Work to be completed: What you should give back is a precise copy of the lines below from the one containing "Show your love" through the one containing "Diam. mm 20", with no pictures.

_ _ _ _ _ _ _

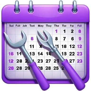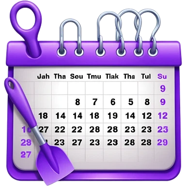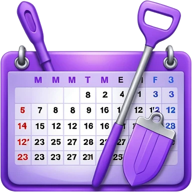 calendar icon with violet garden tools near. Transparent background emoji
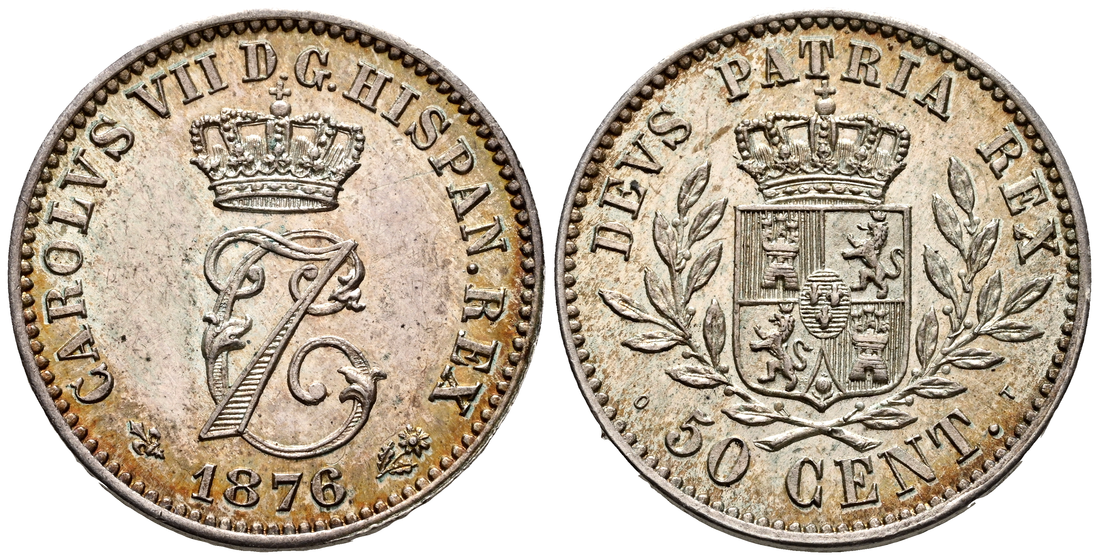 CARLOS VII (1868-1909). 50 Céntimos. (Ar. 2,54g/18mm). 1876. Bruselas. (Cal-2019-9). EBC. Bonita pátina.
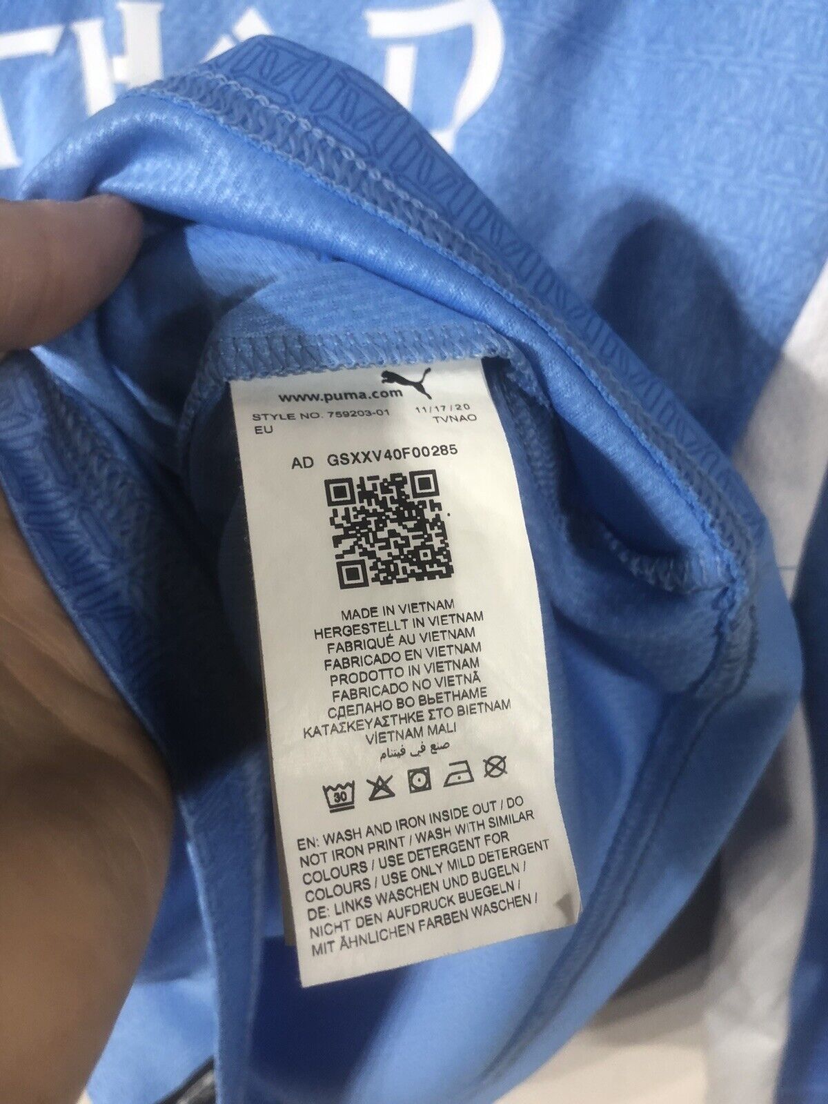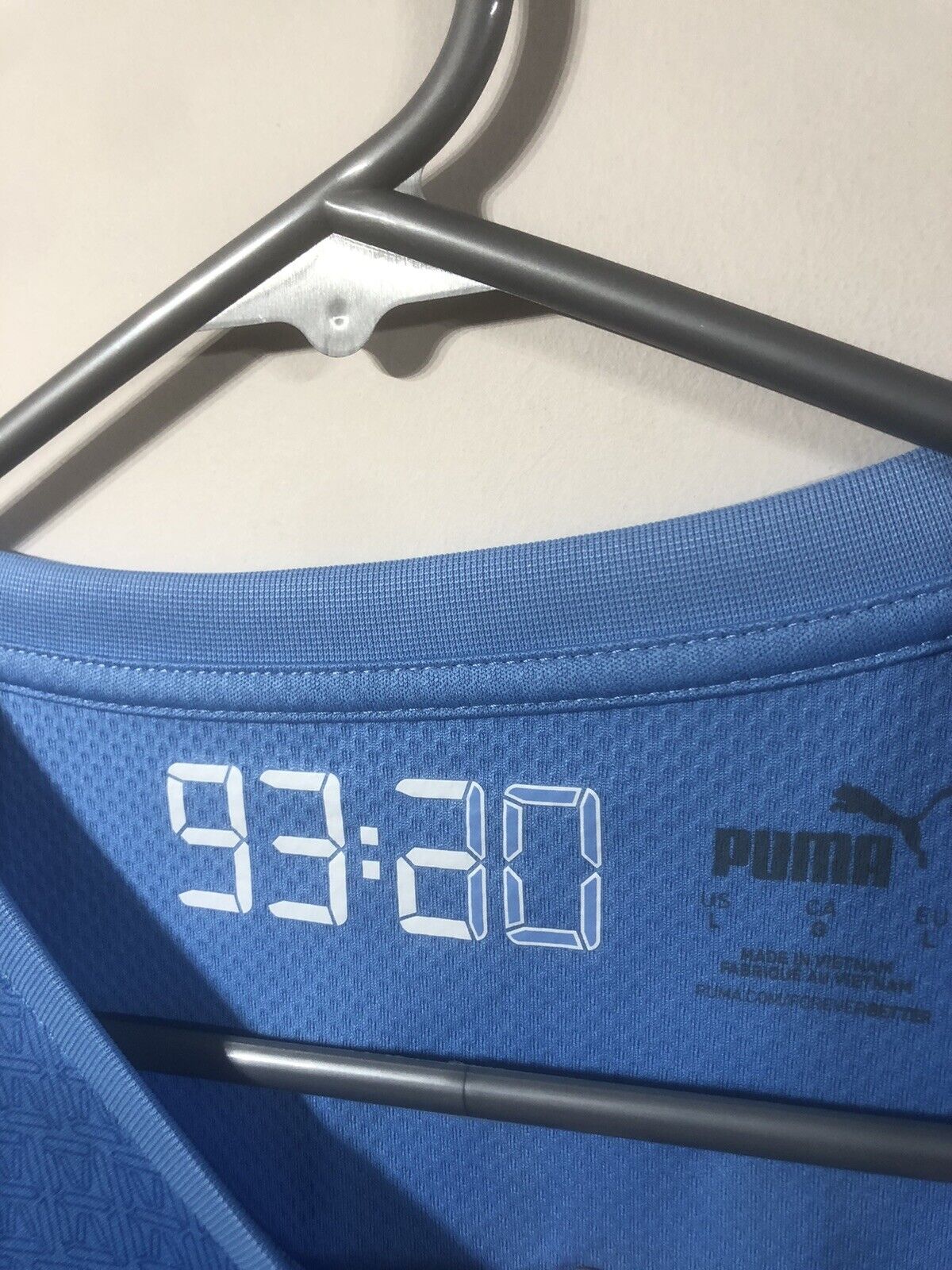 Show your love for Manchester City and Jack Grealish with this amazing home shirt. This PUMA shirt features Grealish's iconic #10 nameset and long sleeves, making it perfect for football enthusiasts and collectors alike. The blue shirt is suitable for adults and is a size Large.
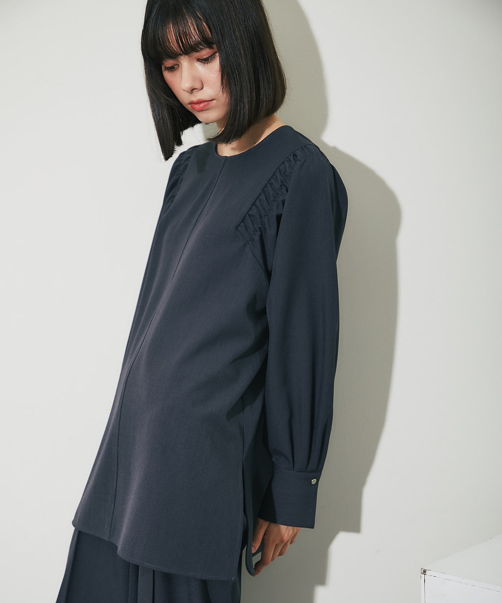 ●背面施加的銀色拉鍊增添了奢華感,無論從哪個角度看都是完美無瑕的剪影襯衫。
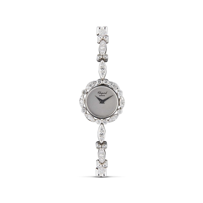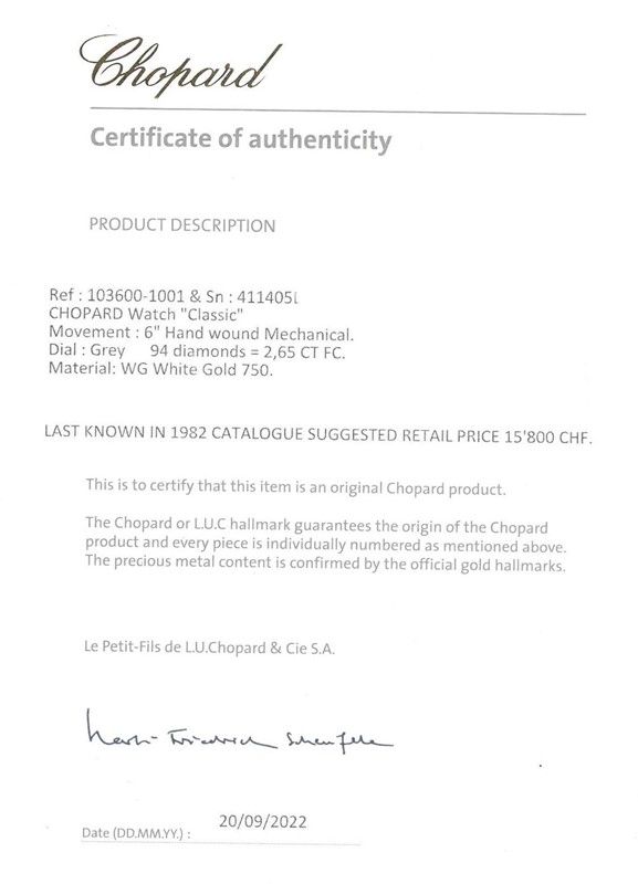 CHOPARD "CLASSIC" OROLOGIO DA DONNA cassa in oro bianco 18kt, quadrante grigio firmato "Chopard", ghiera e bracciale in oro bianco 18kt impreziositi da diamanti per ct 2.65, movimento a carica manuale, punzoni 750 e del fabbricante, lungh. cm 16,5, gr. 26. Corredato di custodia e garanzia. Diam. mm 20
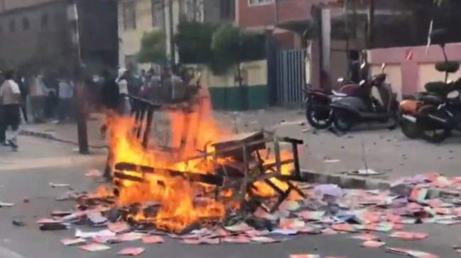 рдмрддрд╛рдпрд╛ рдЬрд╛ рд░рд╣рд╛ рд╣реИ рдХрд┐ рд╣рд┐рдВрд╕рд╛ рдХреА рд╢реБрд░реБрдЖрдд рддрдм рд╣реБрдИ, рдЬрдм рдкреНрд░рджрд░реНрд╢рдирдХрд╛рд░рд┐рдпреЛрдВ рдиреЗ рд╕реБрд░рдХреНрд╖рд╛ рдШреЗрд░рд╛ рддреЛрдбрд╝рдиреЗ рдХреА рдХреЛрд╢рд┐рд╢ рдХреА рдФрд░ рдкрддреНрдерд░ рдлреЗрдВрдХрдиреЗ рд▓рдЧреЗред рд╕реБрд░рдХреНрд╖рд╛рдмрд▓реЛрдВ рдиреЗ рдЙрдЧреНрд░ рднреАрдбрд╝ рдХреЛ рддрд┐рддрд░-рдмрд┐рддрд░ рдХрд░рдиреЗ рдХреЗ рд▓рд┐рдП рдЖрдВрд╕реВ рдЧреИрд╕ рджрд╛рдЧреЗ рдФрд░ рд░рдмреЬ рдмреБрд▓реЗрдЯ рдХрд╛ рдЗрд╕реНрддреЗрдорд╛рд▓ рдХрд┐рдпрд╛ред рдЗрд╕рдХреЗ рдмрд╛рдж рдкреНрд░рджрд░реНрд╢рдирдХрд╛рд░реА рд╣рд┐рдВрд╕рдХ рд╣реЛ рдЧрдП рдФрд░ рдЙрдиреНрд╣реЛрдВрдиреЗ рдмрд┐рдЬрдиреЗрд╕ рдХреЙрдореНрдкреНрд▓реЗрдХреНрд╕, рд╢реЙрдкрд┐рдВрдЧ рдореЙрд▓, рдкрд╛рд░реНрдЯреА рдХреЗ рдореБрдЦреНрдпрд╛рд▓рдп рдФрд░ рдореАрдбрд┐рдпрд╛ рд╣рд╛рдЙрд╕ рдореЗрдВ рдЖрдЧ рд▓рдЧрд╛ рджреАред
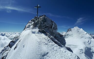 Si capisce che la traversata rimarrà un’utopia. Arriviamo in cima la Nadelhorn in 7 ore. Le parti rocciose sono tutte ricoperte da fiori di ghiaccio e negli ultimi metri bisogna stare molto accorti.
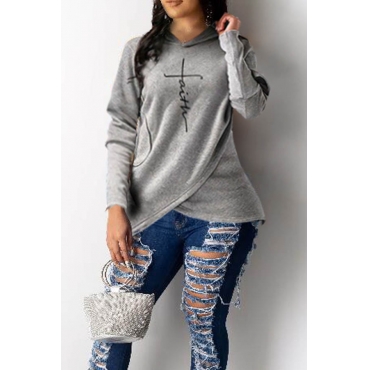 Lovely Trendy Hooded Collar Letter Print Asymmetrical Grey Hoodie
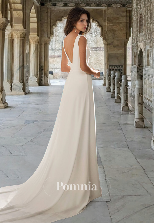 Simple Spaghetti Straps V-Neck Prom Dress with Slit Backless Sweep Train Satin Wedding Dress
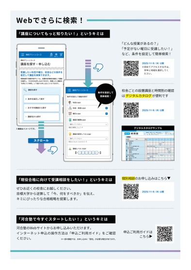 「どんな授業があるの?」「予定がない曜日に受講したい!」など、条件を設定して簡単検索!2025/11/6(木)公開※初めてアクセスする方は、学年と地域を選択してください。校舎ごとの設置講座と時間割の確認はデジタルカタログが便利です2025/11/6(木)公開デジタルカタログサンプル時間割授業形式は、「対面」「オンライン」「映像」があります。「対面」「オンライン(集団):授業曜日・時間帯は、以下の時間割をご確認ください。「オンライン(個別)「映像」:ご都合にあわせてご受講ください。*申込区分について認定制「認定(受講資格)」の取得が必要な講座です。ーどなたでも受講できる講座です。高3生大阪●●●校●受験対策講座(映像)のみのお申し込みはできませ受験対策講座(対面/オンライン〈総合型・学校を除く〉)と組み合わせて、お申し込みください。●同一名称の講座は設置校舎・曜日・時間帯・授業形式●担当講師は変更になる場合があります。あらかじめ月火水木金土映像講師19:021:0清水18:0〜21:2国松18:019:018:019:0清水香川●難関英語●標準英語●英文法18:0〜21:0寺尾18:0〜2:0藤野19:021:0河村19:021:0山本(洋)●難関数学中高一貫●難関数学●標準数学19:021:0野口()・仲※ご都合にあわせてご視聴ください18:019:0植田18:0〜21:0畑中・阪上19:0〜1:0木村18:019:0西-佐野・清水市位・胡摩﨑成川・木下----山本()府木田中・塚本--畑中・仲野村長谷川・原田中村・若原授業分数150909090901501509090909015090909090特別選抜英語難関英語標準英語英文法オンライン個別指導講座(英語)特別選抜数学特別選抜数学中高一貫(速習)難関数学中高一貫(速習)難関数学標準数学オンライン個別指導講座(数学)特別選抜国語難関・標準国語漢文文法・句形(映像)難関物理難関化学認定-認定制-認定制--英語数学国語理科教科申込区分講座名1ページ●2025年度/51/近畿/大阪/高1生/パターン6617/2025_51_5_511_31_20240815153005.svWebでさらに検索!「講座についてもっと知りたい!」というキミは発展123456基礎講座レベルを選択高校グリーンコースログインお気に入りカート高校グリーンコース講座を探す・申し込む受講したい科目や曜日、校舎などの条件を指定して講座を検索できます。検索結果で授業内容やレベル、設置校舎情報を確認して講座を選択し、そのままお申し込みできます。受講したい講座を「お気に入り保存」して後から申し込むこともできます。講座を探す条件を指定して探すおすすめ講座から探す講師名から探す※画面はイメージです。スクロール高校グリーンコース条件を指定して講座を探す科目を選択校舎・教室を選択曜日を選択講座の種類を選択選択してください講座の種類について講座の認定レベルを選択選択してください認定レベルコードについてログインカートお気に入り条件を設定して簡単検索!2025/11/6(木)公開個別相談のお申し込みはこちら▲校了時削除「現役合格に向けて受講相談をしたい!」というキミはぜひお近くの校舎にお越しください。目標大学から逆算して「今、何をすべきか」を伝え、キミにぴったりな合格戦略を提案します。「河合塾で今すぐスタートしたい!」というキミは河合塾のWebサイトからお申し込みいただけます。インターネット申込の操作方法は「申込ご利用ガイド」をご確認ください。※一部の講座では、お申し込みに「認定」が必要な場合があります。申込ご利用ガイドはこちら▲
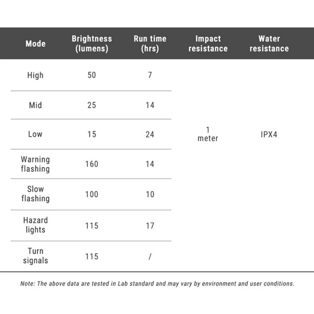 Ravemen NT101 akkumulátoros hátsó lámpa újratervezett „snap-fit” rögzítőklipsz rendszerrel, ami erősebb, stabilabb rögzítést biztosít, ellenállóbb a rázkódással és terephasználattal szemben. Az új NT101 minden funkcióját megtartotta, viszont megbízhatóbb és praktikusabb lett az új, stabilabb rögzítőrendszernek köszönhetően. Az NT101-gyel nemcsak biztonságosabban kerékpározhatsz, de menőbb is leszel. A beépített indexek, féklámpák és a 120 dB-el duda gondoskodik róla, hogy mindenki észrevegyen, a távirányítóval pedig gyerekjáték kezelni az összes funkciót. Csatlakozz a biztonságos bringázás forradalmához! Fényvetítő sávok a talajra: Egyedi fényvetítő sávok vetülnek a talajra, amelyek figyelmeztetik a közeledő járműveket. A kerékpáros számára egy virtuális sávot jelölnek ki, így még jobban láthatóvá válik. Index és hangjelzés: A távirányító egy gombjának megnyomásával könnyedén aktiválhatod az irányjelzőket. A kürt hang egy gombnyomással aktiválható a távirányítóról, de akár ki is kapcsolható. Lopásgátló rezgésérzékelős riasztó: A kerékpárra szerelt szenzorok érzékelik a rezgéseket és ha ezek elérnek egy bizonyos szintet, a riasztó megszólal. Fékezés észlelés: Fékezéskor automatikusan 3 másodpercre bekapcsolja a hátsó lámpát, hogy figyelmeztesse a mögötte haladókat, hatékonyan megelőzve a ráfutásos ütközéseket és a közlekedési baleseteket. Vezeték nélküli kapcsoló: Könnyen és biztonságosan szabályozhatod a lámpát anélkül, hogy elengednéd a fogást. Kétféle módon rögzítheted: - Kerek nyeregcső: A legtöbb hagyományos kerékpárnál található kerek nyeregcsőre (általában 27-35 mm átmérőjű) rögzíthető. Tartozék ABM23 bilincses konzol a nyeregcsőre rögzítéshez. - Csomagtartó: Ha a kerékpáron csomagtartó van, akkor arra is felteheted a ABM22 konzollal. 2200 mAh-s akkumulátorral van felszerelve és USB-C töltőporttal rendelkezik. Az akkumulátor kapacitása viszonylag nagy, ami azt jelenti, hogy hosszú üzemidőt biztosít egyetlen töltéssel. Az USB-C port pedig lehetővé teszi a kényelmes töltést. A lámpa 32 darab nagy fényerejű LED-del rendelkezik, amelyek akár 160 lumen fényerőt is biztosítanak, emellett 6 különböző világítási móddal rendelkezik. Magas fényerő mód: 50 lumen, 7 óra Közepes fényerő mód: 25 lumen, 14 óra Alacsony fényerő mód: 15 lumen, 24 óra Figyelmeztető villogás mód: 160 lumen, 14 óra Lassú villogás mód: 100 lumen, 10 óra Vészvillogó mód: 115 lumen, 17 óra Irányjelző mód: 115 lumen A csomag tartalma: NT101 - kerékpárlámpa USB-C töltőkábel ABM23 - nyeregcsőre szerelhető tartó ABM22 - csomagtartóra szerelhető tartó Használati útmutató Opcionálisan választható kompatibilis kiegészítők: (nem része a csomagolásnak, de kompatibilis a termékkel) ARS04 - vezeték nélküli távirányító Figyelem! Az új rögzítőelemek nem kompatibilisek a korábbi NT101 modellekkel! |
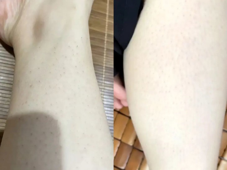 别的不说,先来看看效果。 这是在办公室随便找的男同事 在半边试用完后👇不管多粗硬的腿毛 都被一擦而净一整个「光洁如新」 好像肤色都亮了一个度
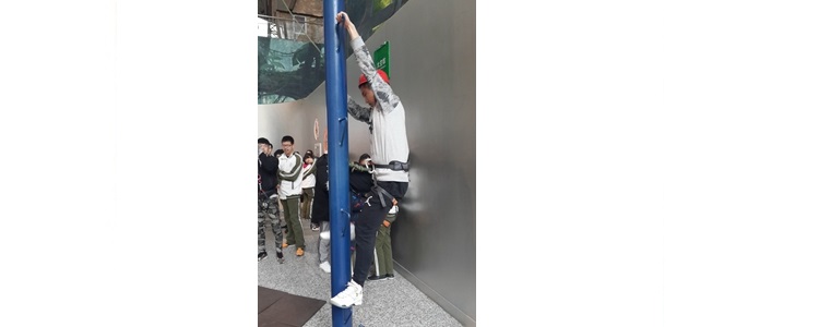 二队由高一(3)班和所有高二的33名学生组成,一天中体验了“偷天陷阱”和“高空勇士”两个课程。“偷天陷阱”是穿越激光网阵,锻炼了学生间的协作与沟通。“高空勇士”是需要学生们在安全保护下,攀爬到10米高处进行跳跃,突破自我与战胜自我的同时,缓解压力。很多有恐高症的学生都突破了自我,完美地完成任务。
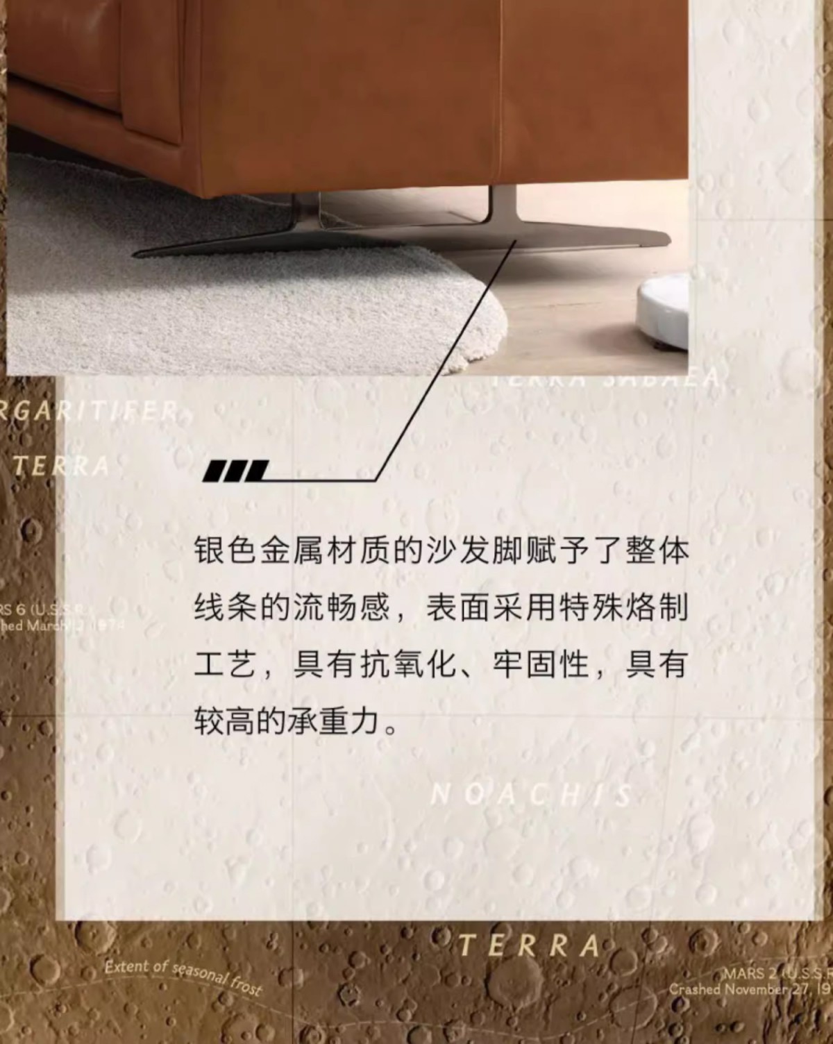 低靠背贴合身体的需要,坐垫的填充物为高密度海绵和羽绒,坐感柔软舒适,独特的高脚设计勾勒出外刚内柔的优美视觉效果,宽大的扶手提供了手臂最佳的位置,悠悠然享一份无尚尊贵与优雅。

_ _ _ _ _ _ _

Response area:
 Show your love for Manchester City and Jack Grealish with this amazing home shirt. This PUMA shirt features Grealish's iconic #10 nameset and long sleeves, making it perfect for football enthusiasts and collectors alike. The blue shirt is suitable for adults and is a size Large.
 ●背面施加的銀色拉鍊增添了奢華感,無論從哪個角度看都是完美無瑕的剪影襯衫。
 CHOPARD "CLASSIC" OROLOGIO DA DONNA cassa in oro bianco 18kt, quadrante grigio firmato "Chopard", ghiera e bracciale in oro bianco 18kt impreziositi da diamanti per ct 2.65, movimento a carica manuale, punzoni 750 e del fabbricante, lungh. cm 16,5, gr. 26. Corredato di custodia e garanzia. Diam. mm 20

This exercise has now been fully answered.